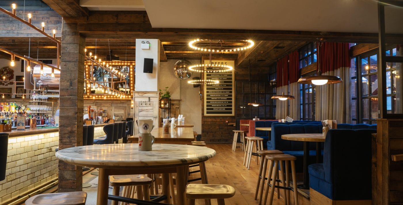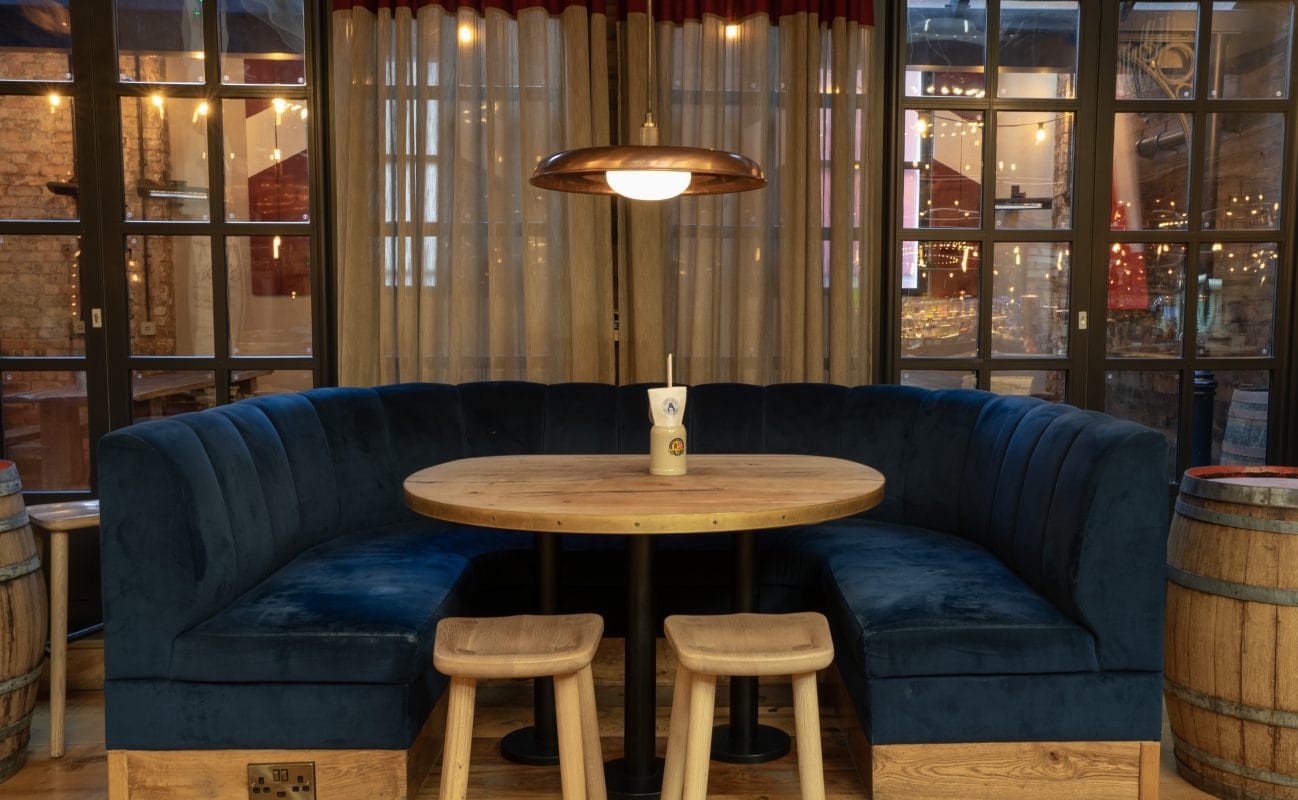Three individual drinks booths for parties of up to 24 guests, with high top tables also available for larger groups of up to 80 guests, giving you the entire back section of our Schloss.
----------------
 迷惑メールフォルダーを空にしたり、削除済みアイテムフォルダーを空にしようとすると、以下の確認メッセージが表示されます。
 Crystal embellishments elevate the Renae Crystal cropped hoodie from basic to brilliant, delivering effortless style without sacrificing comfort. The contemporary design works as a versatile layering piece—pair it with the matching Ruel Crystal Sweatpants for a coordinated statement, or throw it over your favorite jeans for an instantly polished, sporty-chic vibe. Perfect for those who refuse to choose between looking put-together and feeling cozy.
----------------
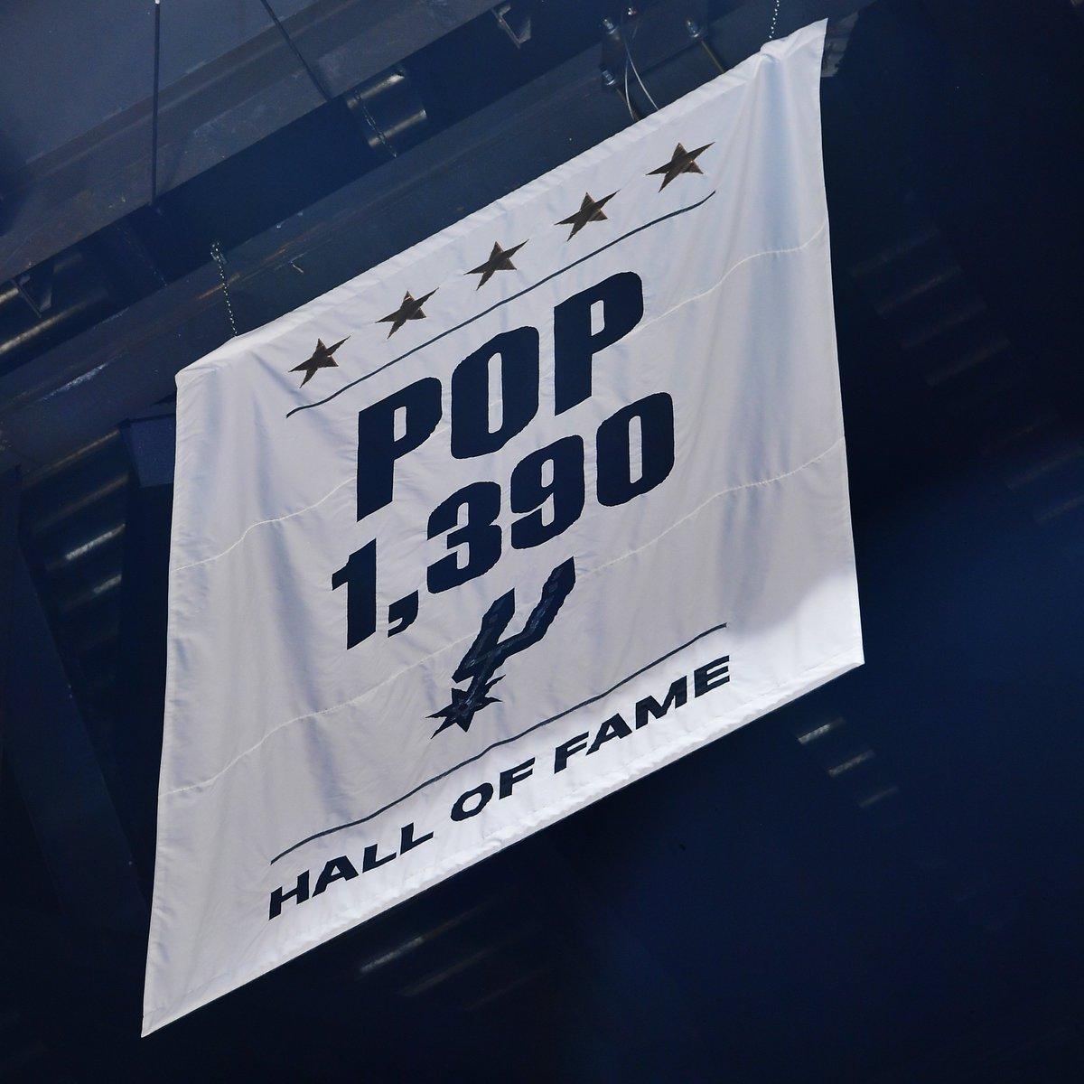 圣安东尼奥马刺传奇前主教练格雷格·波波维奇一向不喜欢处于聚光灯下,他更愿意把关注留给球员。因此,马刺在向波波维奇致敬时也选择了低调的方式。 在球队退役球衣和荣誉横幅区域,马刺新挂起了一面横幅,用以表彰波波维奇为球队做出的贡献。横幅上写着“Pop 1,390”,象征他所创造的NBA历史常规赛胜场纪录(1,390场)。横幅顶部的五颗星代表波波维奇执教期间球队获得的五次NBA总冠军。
----------------
## Task to carry out
In the entries above, please find the line with "迷惑メールフォルダーを空にし" and the line with "Crystal embellishments elevate", then write out exactly those two lines and every line between them, and nothing more.

## Result below
 迷惑メールフォルダーを空にしたり、削除済みアイテムフォルダーを空にしようとすると、以下の確認メッセージが表示されます。
 Crystal embellishments elevate the Renae Crystal cropped hoodie from basic to brilliant, delivering effortless style without sacrificing comfort. The contemporary design works as a versatile layering piece—pair it with the matching Ruel Crystal Sweatpants for a coordinated statement, or throw it over your favorite jeans for an instantly polished, sporty-chic vibe. Perfect for those who refuse to choose between looking put-together and feeling cozy.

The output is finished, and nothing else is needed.